While Maryland does not have a gift tax, it does have an Estate tax that needs to be considered. The Maryland estate tax exemption is $1,000,000. Since lifetime gifts are not brought back into the estate at the time of death, if you give away $1,000,000 during your lifetime, at your death you will still have an exemption from Maryland estate taxes of $1,000,000. Gifting $1,000,000 during your lifetime avoids approximately $160,000 in Maryland estate taxes.
Another misconception about gifting is that a receiver of a gift has to report the gift on their income tax return. Gifts are not income. However, if you give capital assets such as real estate, stock or a business, the receiver of the capital asset may have to pay a capital gains tax when the asset is sold. As an example, you have stock worth $13,000 with a basis of $3,000 and you give the stock to your son. He sells the stock the day after you give it to him. The gift is exempt from gift taxes, but upon the sale of the stock your son will have to pay a capital gains tax on the difference between the sales price and the basis.
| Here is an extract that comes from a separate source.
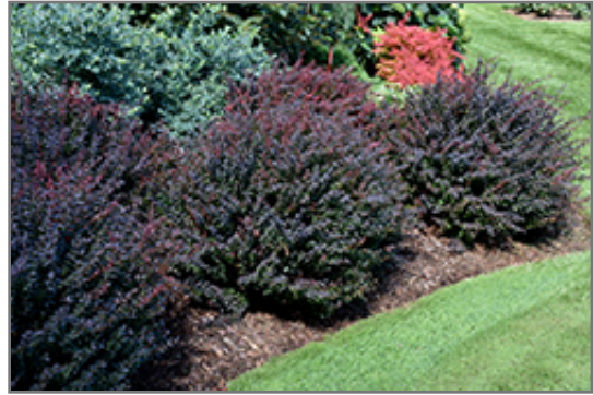
Sunjoy Mini Maroon Japanese Barberry

Sunjoy Mini Maroon Japanese Barberry is recommended for the following landscape applications;

Knowing what assets to gift is the key. Gifted assets get a carry over basis so the best asset to give away is an asset without a capital gain, such as cash. However, if you want to reduce your estate and you do not have liquid assets such as cash, you will want to meet with an accountant or an attorney to discuss the various taxes involved in gifting capital assets like stock, businesses or real estate.
Latest posts by SinclairProsser Law (see all)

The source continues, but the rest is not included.